In its final meeting of the year, the New Hampshire House’s agenda ran the gamut. It included sweeping bills dealing with victims’ rights, telehealth, election law, environmental pollution, and the ten-year highway plan, among others.
Some issues were voted on as standalone bills, many were packaged as omnibus measures. Due to missed deadlines and partisan fights over rules, Democratic leadership in the House were limited to voting on Senate-backed proposals as is. Some votes were bipartisan, but many others fell along party lines.
The House backed a sweeping criminal justice bill that would, among other things, ban police from using chokeholds. The bill would also bar the state from placing prisoners in for-profit prisons, require all police recruits to undergo psychological evaluations, and modify the state’s bail policies.
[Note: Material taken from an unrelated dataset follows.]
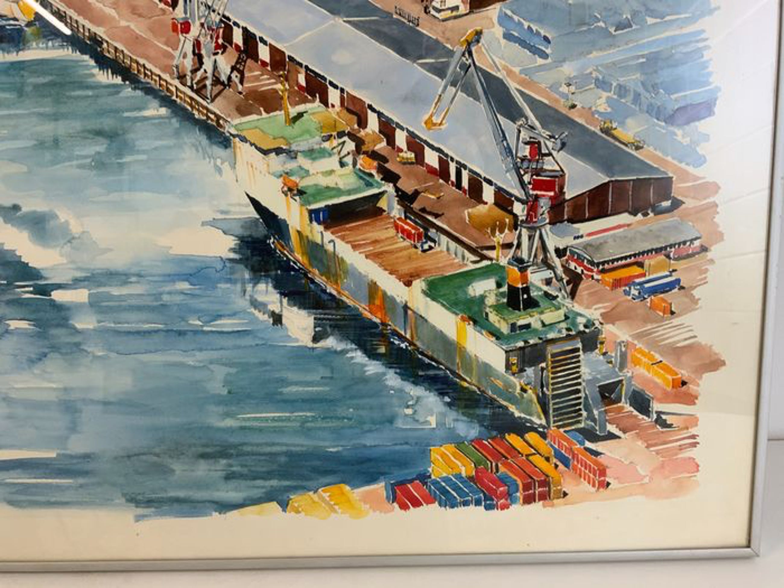 Het is een grote tekening/aquarel van een havenarm. Alle onderdelen zijn minutieus in kaart gebracht. Het is een mooi en kleurig werk.

Hampton Democrat Rep. Renny Cushing told colleagues that, especially given the current attention to police behavior, New Hampshire needs to act.
“At this particular moment in time, when we are conscious of what the powers and duties are and what the responsibilities of law enforcement are, it’s an important message that New Hampshire makes, when we prohibit the use of chokeholds,” Cushing said.
Gov. Chris Sununu has said he favors banning chokeholds, and he urged lawmakers to send him a bill that would do so.
But Sununu is expected to veto many other bills passed in the waning days of this year’s session, including ones to raise the minimum wage and create an independent redistricting commission.
The New Hampshire House also voted Tuesday to send Sununu several bills to enhance the rights of victims of sexual assault. Among the proposals is one that would outlaw sexual contact between teachers and students, regardless of a student's age. It was inspired by the case of former Concord High School teacher Howie Leung, who is charged with sexually assaulting a student in Massachusetts.
The bill also creates a special marriage officiant licenses. Proceeds from the licenses would flow into the state’s domestic violence fund.